When standard antioxidant ascorbic acid solution is progressively added to one litre of standard oxidant solution, the ORP reading of the standard oxidant solution will decrease progressively from +550 mV to smaller mV readings. Once the ORP in the titrated standard oxidant solution reached +375 mV (which is the set point of neutral solution ORP), the quantity “X” mL of the standard antioxidant ascorbic acid solution added is used as the reference titration volume for comparison with other test beverages.
In the standard antioxidant titration test, this “X” mL reference titration volume is 0.4 mL of standard antioxidant ascorbic solution. This 0.4 mL volume of titrated standard ascorbic acid antioxidant solution is assigned with a dimensionless unit—antioxidant scalar value (asv) of 1000 asv in the TAPEC method of the invention as the indicative antioxidant value.
Determination of TAPEC of Test Beverages
In TAPEC method, the antioxidant capacity of a test beverage is determined by titration test, and then a TAPEC antioxidant scalar value is assigned for the tested beverage to characterize its antioxidant capacity.
Similar as above, to determine the TAPEC antioxidant scalar value for a test beverage, the test beverage is titrated into the standard oxidant of a pre-determined volume till it reaches the complete neutralization ORP set point, i.e. +375 mV. The sample titration volume of beverage is then compared with the reference titration volume of standard antioxidant ascorbic acid solution to derive its antioxidant scalar value. As stated above, the reference titration volume of standard antioxidant ascorbic acid solution is 0.4 mL, which is assigned with a TAPEC value of 1000 asv.
To determine the TAPEC value of the test beverage, the ratio of reference titration volume 0.4 mL to the sample titration volume of the test beverage×1000 is defined as the TAPEC value of the test beverage. For instance, if the sample titration volume of the test beverage is “V” ml, the TAPEC value of said test beverage is calculated according to the following formula:
TAPEC value (asv) of the test beverage=(0.4 mL/(“V” mL))×1000
More specifically, to determine the antioxidant scalar value for a test beverage, the test beverage is titrated progressively into 1000 mL of 0.2 ppm TRO standard oxidant solution of hypochlorite till ORP of the standard oxidant solution reaches +375 mV. The amount of test beverages is then recorded as “V” ml.
The TAPEC antioxidant scalar value of the test beverage=0.4/“V”×1000=“xyz” TAPEC value (asv).
For a test beverage “V”=40 mL, the corresponding TAPEC value of the test beverage=0.4/40×1000=10 asv
The following table shows the typical TAPEC values for some of the common drinks using the above test methods and computation.

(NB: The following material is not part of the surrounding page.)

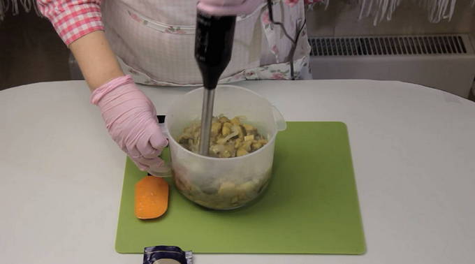 - Doe gekookte cantharellen en groente frituren in een blender, hak de ingrediënten tot een gladde massa.

Stepwise TAPEC Test Procedure of the Invention
In the following, the test procedure of the method for determining the antioxidant capacity of a liquid sample will be described in a detailed stepwise manner. It is understood that not all the steps described in the following are indispensable for carrying out the method of the invention, and the method can be performed with certain steps omitted in actual practice.
Step 1—Calibration of pH and ORP Meters
pH and ORP meters are the two most important meters used in the whole TAPEC test. Both meters shall be calibrated by their respective standard reference liquids before use.
Step 2—Preparation of Pure Water
Pure water is used for three purposes in the TAPEC method:
Pure water may be prepared through conventional procedure, such as by thermal distillation, vacuum flash distillation, ultra-filtration, or reverse osmosis process. However, several parameters of the pure water must be met before using in the method of present invention.
After pure water is prepared, it is important to verify the ORP value of the pure water (neutral liquid) is at the neutral reference potential of +375 mV. Particularly, the ORP reading of the neutral pure water as prepared in step 2 shall be close to +375 mV versus Ag/AgCl reference electrode at room temperature and pH range close to 7. This is an important standard set point to determine the final neutralization end point during the titration of standard antioxidant and test beverage to standard oxidant.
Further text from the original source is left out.